Nel corso della conversazione culturale sono state sottolineate le figure di Don Nuccio Santoro e quella del prof. Domenico Raso ritenute fondamentali e con i quali il Circolo Culturale „L’Agorà” ha svolto una proficua collaborazione e di stima interpersonale.
Ritornando alla conversazione culturale è interessante quanto è emerso nel corso della stessa come le provocazioni che sono scaturite nel corso delle varie analisi su tale tema indirizzate al quesito se queste strutture megalitiche sono il risultato dell’erosione prodotta dalle condizioni climatiche o per mano dell’uomo?
Il relatore prof. Filippo Arillotta ha analizzato i lavori dello studioso antropologo Domenico Raso che attraverso le sue ricerche sulla civiltà pelasgica ha dato un valido contributo su tale tema e sulle strutture magalitiche di Nardodipace, nei pressi di Serra San Bruno (Vibo Valentia), dove si insediarono a far data dal VII millennio a.C. alla metà del II millennio a.C..
Una scoperta archeologica che assume un’importanza fondamentale nel panorama della preistoria italiana poiché il sito, per via delle dimensioni eccezionali, per la stupefacente conservazione e per la sua apparente natura antropica, è stato accostato alle famose costruzioni megalitiche del Nord Europa.

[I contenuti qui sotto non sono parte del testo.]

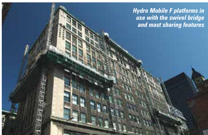
Hydro Mobile F platforms in use with the swivel bridge and mast sharing features

PHD conceptualised and created a bespoke dual platform rack and pinion traveller able to travel on a 60 metre track on a 30 degree incline within the escalator shaft. PHD's engineers worked with mastclimber maker Encomat to build a special frame around suitable drive units. Once in operation, it proved to be much quicker than the conventional methods of scaffolding, chain hoists, slings and all the manual effort that was originally envisaged.
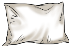
Punch a pillow
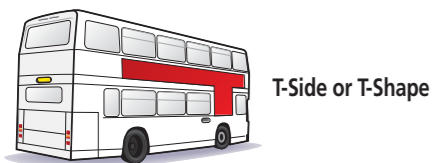
T-Side or T-Shape
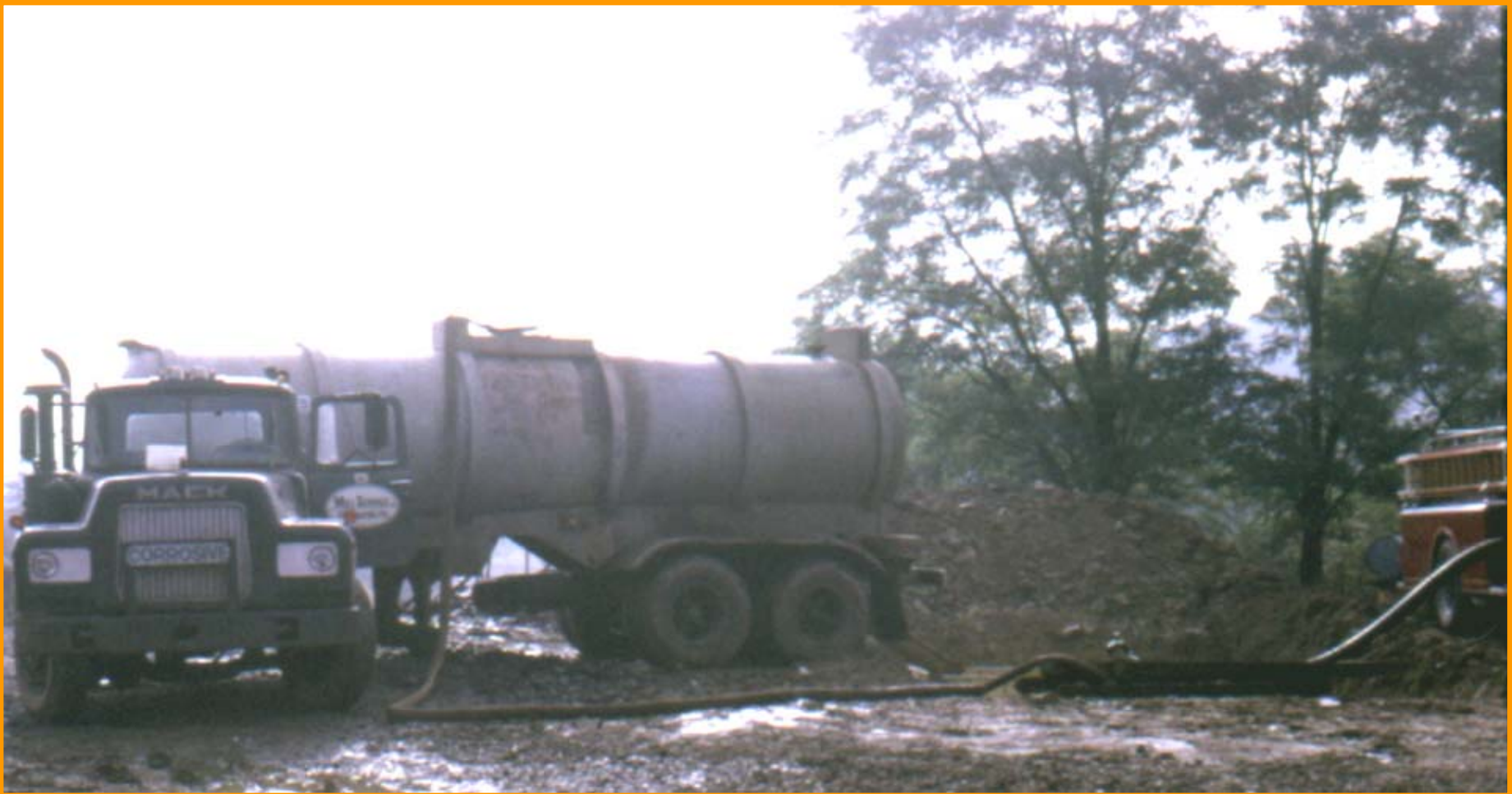
Figure 9C. This tanker's normal life is to haul acidic water from coal mines. In the evenings and on weekends and holidays, after these trailers have been flushed out, they sit empty. Here one is used to supply water to a live-fire training exercise in a rural area. Notice that a hole had to be dug for the porta-tank.
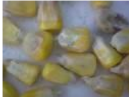
Figure 4. Mycelium of Penicillium sp.
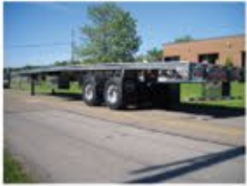
Single Axle Slider moved to Cal. Legal
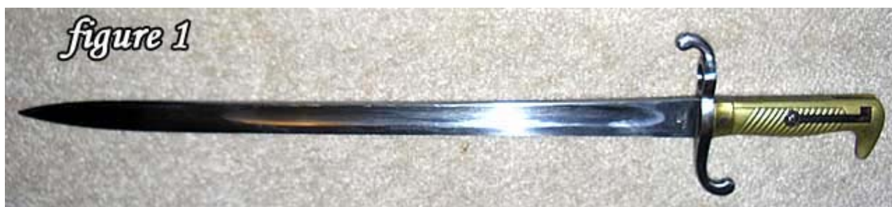
Figure 1: M1871 sword bayonet made at the Prussian Royal Arsenal at Erfurt in 1878, using a blade manufactured by Gebruder Simpson of Suhl (the forerunner of Simpson & Co.)
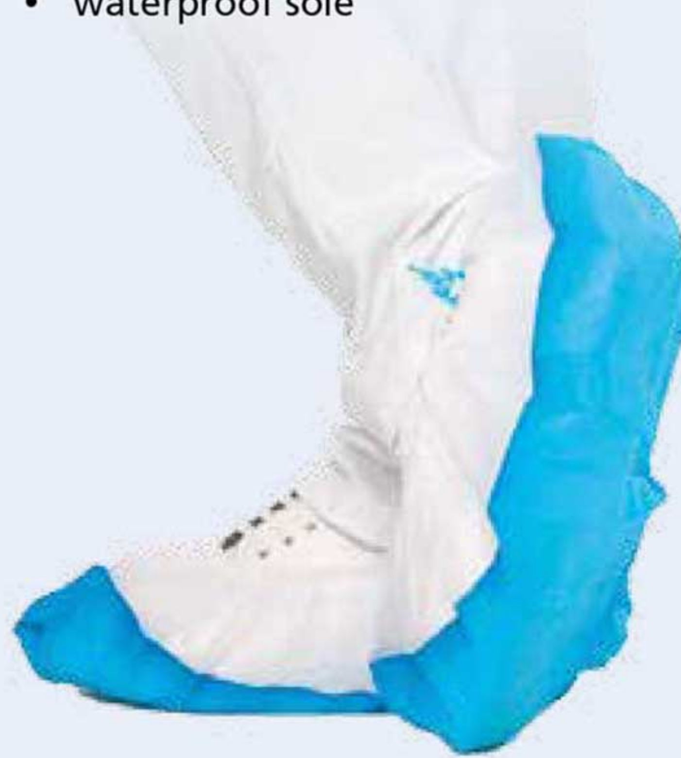
Overshoe with strong CPE sole for HYGOMAT
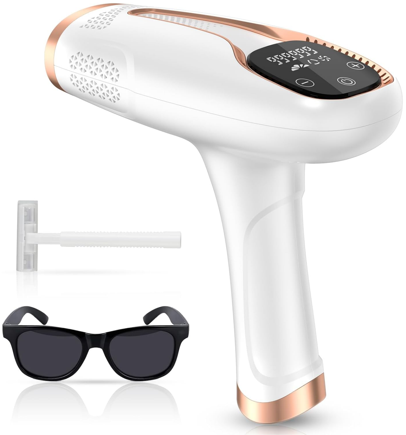
The TYHGSF IPL Laser Hair Removal Device, shown with included protective glasses and a razor.
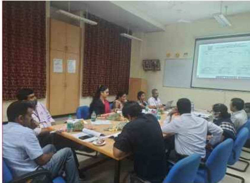
BoS meeting under progress
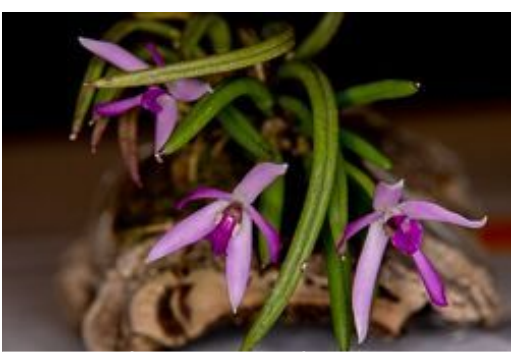
Leptotes pohlitinocoi – Debra Amis

La loro identità è stata via via svelata dagli apporti epigrafici di prescrittura pelasgica, ritrovati a Biblo, in Libia, in Toscana, a Glozel sul Massiccio Centrale della Francia, in Scandinavia e sulle coste atlantiche canadesi.
A tal proposito Filippo Arillotta a riguardo ai simbolismi rinvenuti (tra i quali quelli che ricordano un cervide) in quell’area e descritti nella pubblicazione “La Città della Porta” che secondo il prof. Raso si estendeva lungo l’asse tra il Piano di Cianu-Nardodipace nuova e Marina di Caulonia-Focà fa un riferimento con quanto effigiato nella monetazione della colonia di Kaulon, dove oltre alla figura di Apollo vi era quella di una cerva.
Altra provocazione, quella di Gianni Aiello, consistente nella somiglianza stilistica del “Re dei venti anni”, facente parte della raccolta Tolone che ricorda proprio nei tratti somatici le fattezze di quelle di Monti Prama (Oristano).
E c’è un filo conduttore tra la parte meridionale della Calabria e la Sardegna: la Città della Porta, Ianua (toponimo che con le sue derivazioni rimase in vigore fino al settecento) e proprio in lingua sarda porta si dice janna, ianna in sassarese o giana in campidanese cagliaritano, come afferma Gianuario Piga.